Using computer clusters to solve general-purpose data and analytics problems needs a lot of effort if we have to specifically control every element and steps such as data storage, memory allocation, and parallel computation. Fortunately, high tech companies and open source communities have developed the entire ecosystem based on Hadoop and Spark. Users need only to know high-level scripting languages such as Python and R to leverage computer clusters’ distributed storage, memory and parallel computation power.
The very first problem internet companies face is that a lot of data has been collected and how to better store these data for future analysis. Google developed its own file system to provide efficient, reliable access to data using large clusters of commodity hardware. The open-source version is known as Hadoop Distributed File System (HDFS). Both systems use Map-Reduce to allocate computation across computation nodes on top of the file system. Hadoop is written in Java and writing map-reduce job using Java is a direct way to interact with Hadoop which is not familiar to many in the data and analytics community. To help better use the Hadoop system, an SQL-like data warehouse system called Hive, and a scripting language for analytics interface called Pig were introduced for people with analytics background to interact with Hadoop system. Within Hive, we can create user-defined functions through R or Python to leverage the distributed and parallel computing infrastructure. Map-reduce on top of HDFS is the main concept of the Hadoop ecosystem. Each map-reduce operation requires retrieving data from hard disk, then performing the computation, and storing the result onto the disk again. So, jobs on top of Hadoop require a lot of disk operation which may slow down the entire computation process.

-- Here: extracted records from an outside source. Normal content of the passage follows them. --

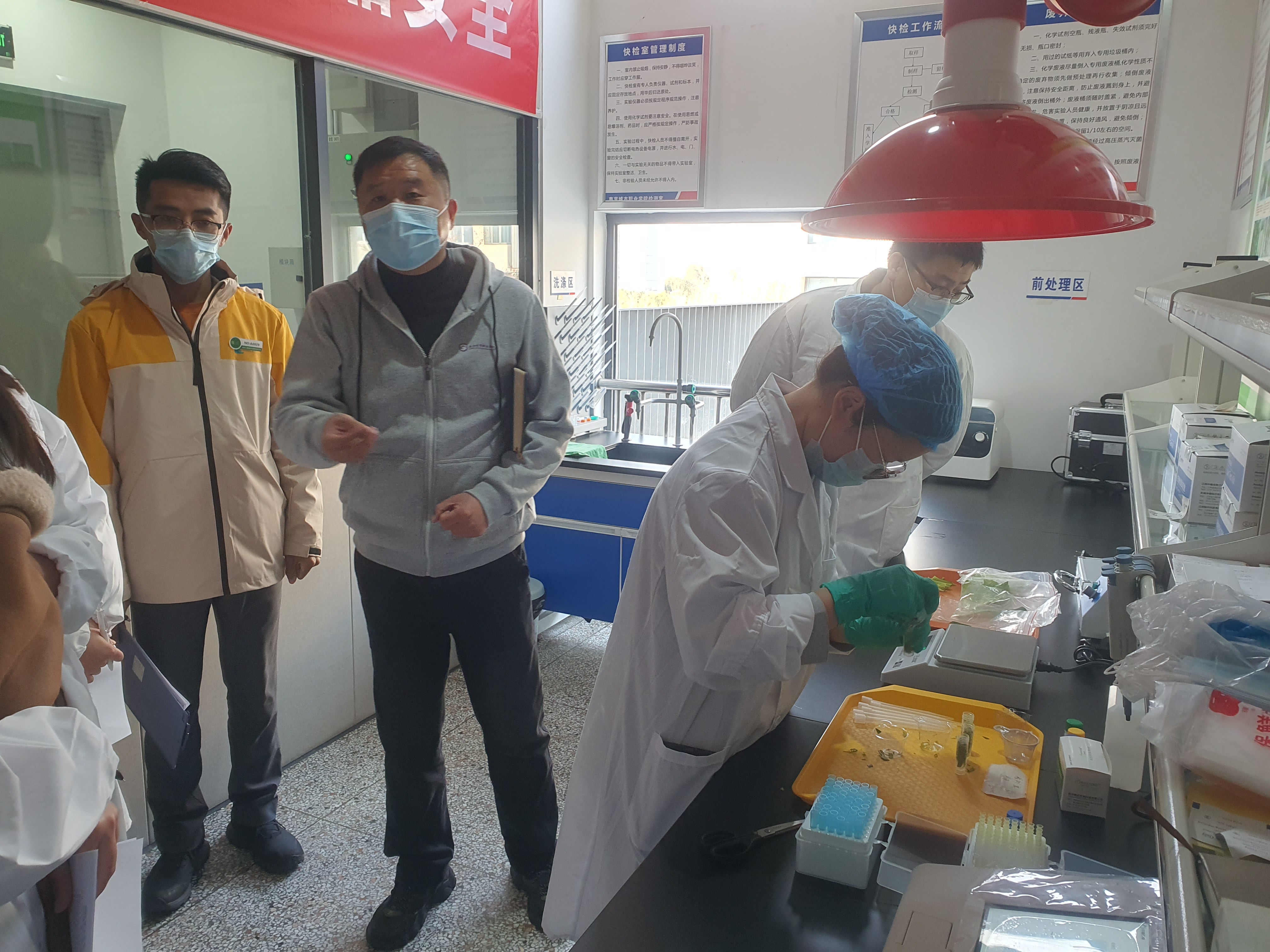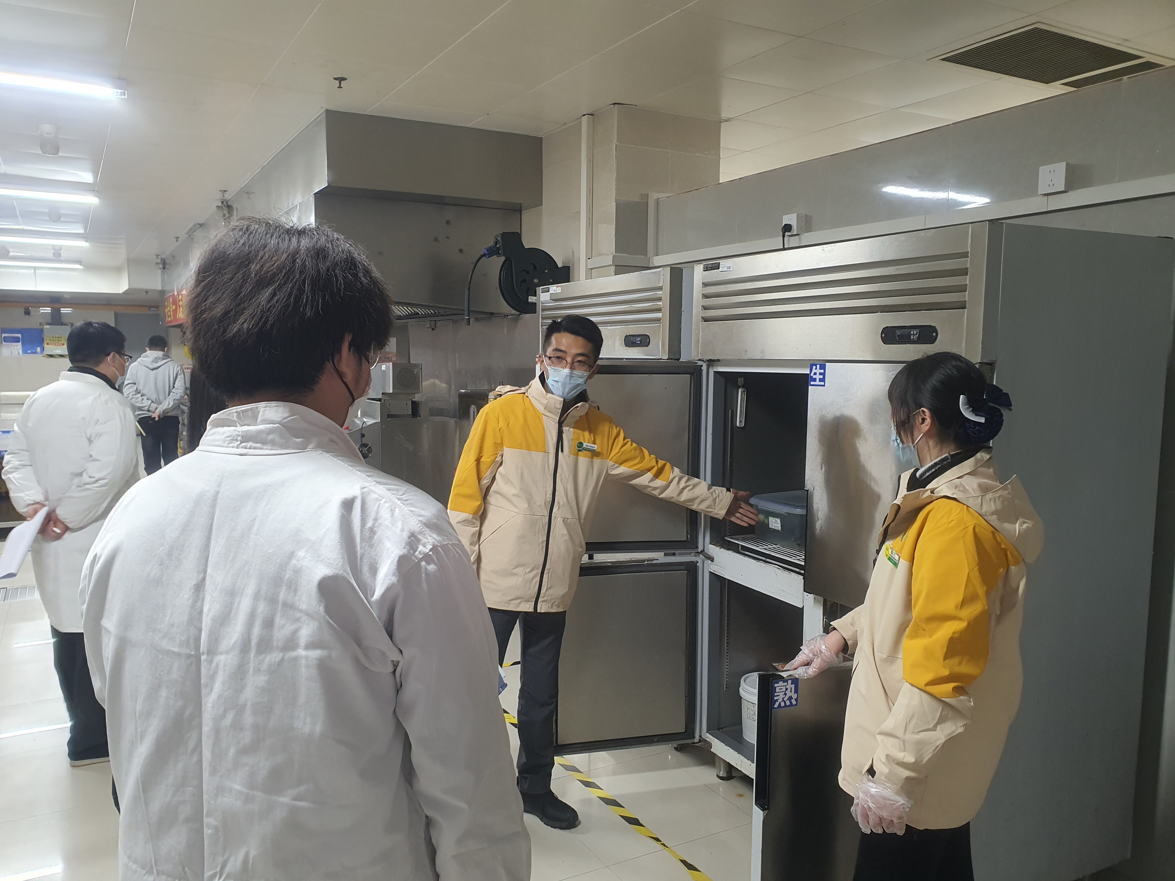活动开始,同学们统一佩戴好防尘帽和口罩,在食堂工作人员的指引下走进后厨,依次参观了厨房的各个区域,包括食材存储区、加工区、烹饪区、清洗消毒区和食品原料快检室等。在现场参观环节,金永刚老师向同学们介绍了学校在不断升级食堂标准化建设提高食堂食品安全管理水平方面的工作情况和在确保师生饮食营养健康方面的具体举措。接下来,食堂经理详细介绍了食堂的整体布局、运营理念以及食品原料验收和质量监测、仓库物资规范化存储管理、食品原料规范化加工、菜品烹饪和留样等加工过程。
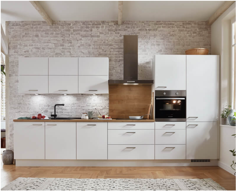 Die nobilia elements Küche „Family“ ist die perfekte Lösung für alle, die eine hochwertige, langlebige und flexibel planbare Küchenzeile suchen. Mit einer Gesamtlänge von 3,90 m bietet sie viel Stauraum, moderne Geräteumbauschränke und eine klare, zeitlose Optik in Alpinweiß.
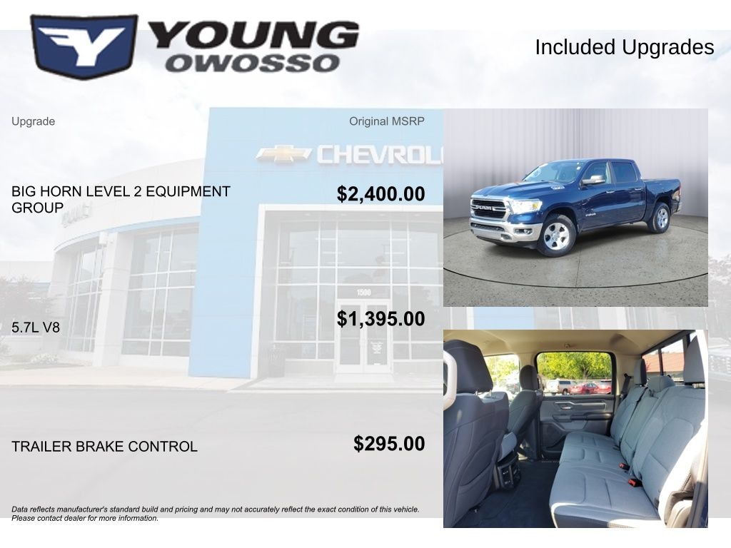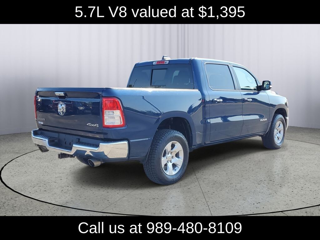 LOCAL TRADE!, CREW CAB!, 4WD, 1500 Big Horn/Lone Star, HEMI 5.7L V8 Multi Displacement VVT, 4WD, 115V Auxiliary Power Outlet, 115V Auxiliary Rear Power Outlet, 2 USB Full Function/Charge Only Media Hub, 400W Inverter, 8.4" Touchscreen Display, Air Conditioning ATC w/Dual Zone Control, Auto-Dimming Rear-View Mirror, Big Horn IP Badge, Big Horn Level 2 Equipment Group, Class IV Receiver Hitch, Cluster 7.0" TFT Color Display, Dampened Tailgate, Foam Bottle Insert (Door Trim Panel), Glove Box Lamp, Heated Front Seats, Heated Steering Wheel, Integrated Center Stack Radio, ParkSense Front/Rear Park Assist w/Stop, Power 4-Way Driver Lumbar Adjust, Power 8-Way Driver Seat, Power Adjustable Pedals, Power Heated Fold Away Mirrors, Quick Order Package 25Z Big Horn/Lone Star, Radio: Uconnect 4 w/8.4" Display, Rear Dome w/On/Off Switch Lamp, Rear Power Sliding Window, Rear Window Defroster, Remote Start System, Security Alarm, Single Disc Remote CD Player, SiriusXM Satellite Radio, Steering Wheel Mounted Audio Controls, Sun Visors w/Illuminated Vanity Mirrors, Universal Garage Door Opener.
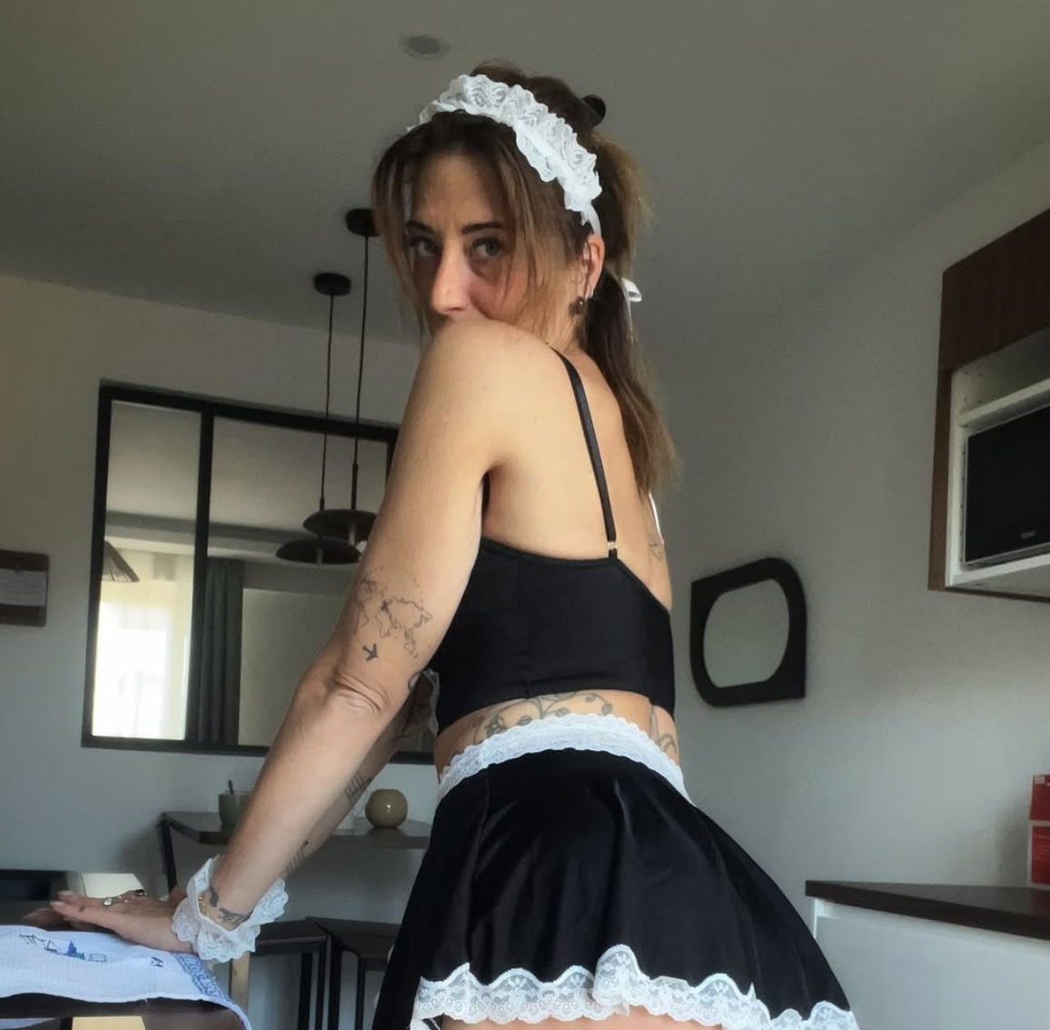 She is working on her creations (lingerie, fashion pieces, lifestyle accessories or handmade items depending on the universe).
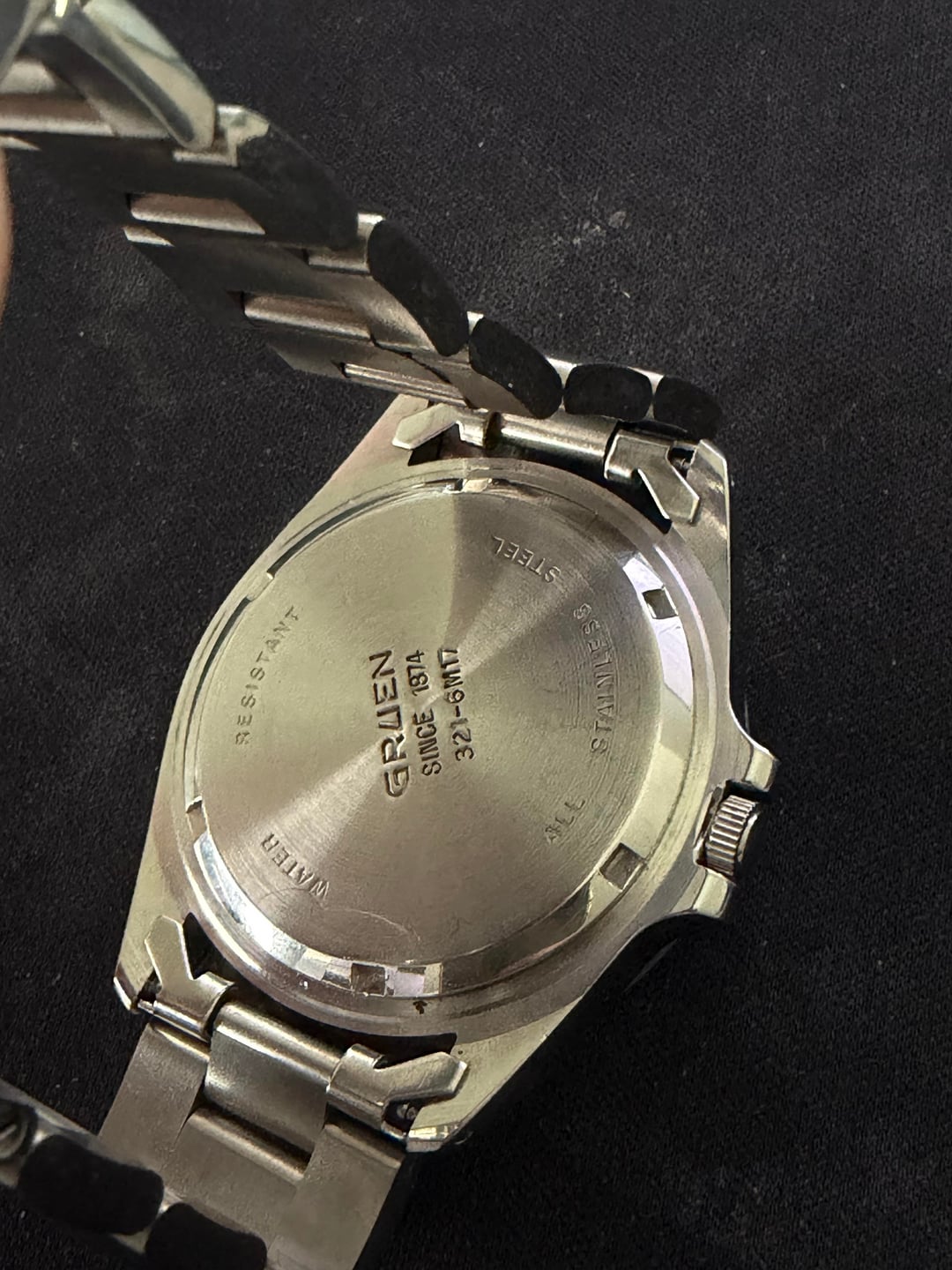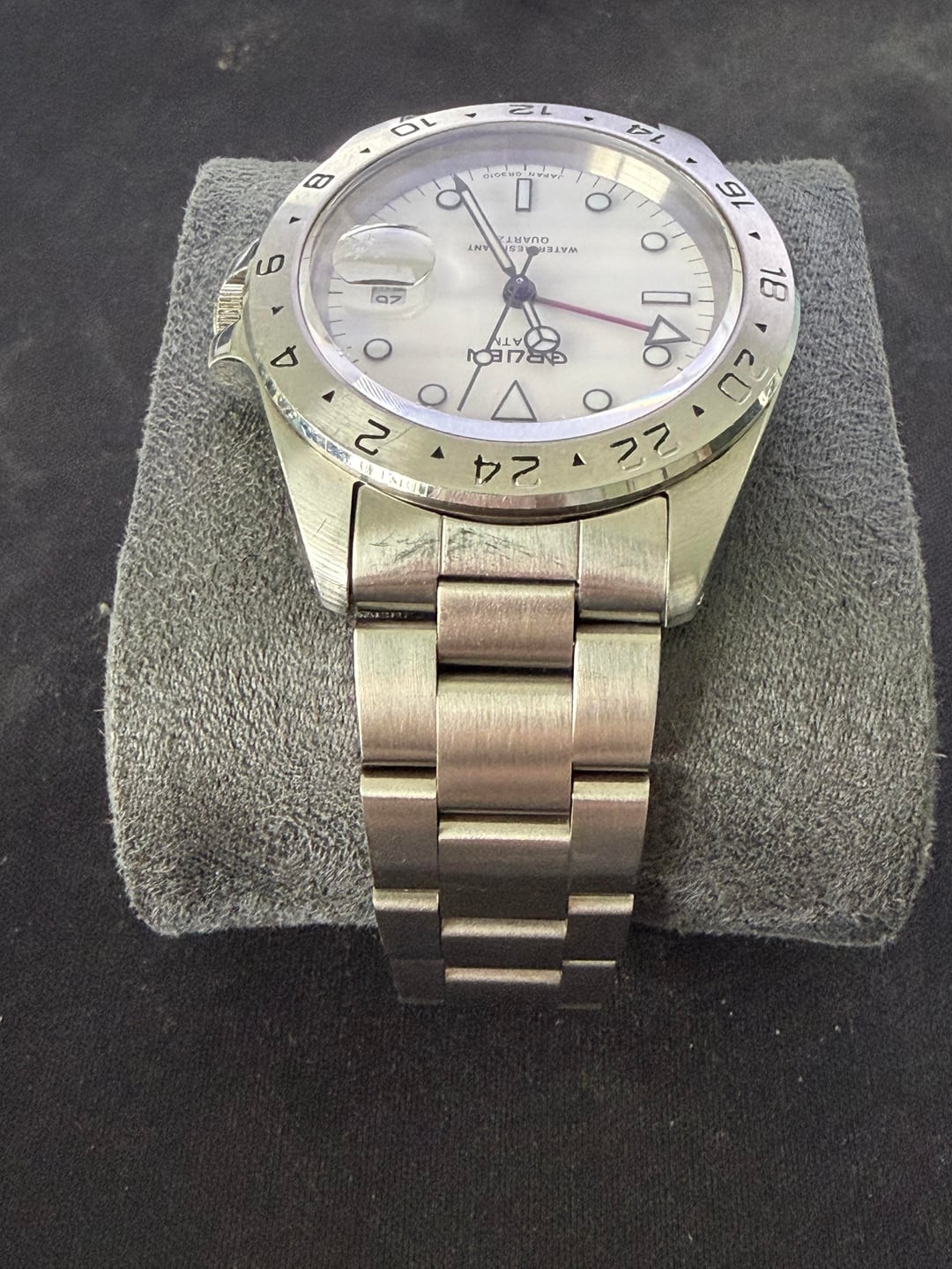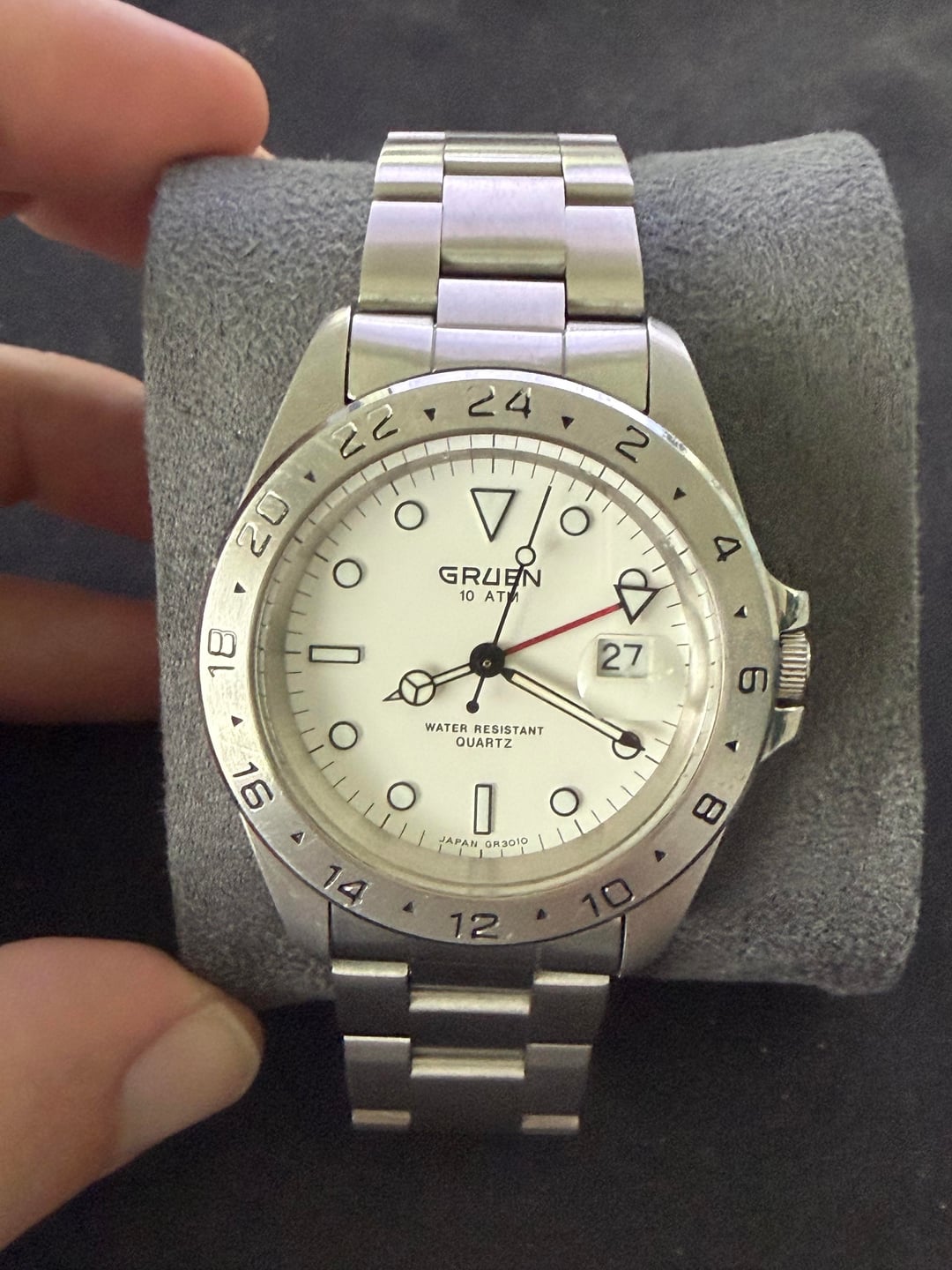 Hi all, Another cool vintage watch that just does not get the love it deserves. The Gruen 39mm is a Quartz Explorer II Style GMT Watch with a Polar Dial. I think this came out in the 1990s. Has an aftermarket bracelet on but I also have the original bracelet however, the bracelet was damaged upon me receiving it, maybe you can fix it where I could not. Watch does have some wear as shown in the photos, but still works perfectly. Looking for around 350. PayPal goods and services.

Spark works on top of a distributed file system including HDFS with better data and analytics efficiency by leveraging in-memory operations. Spark is more tailored for data processing and analytics and the need to interact with Hadoop directly is greatly reduced. The spark system includes an SQL-like framework called Spark SQL and a parallel machine learning library called MLlib Fortunately for many in the analytics community, Spark also supports R and Python. We can interact with data stored in a distributed file system using parallel computing across nodes easily with R and Python through the Spark API and do not need to worry about lower-level details of distributed computing. We will introduce how to use an R notebook to drive Spark computations.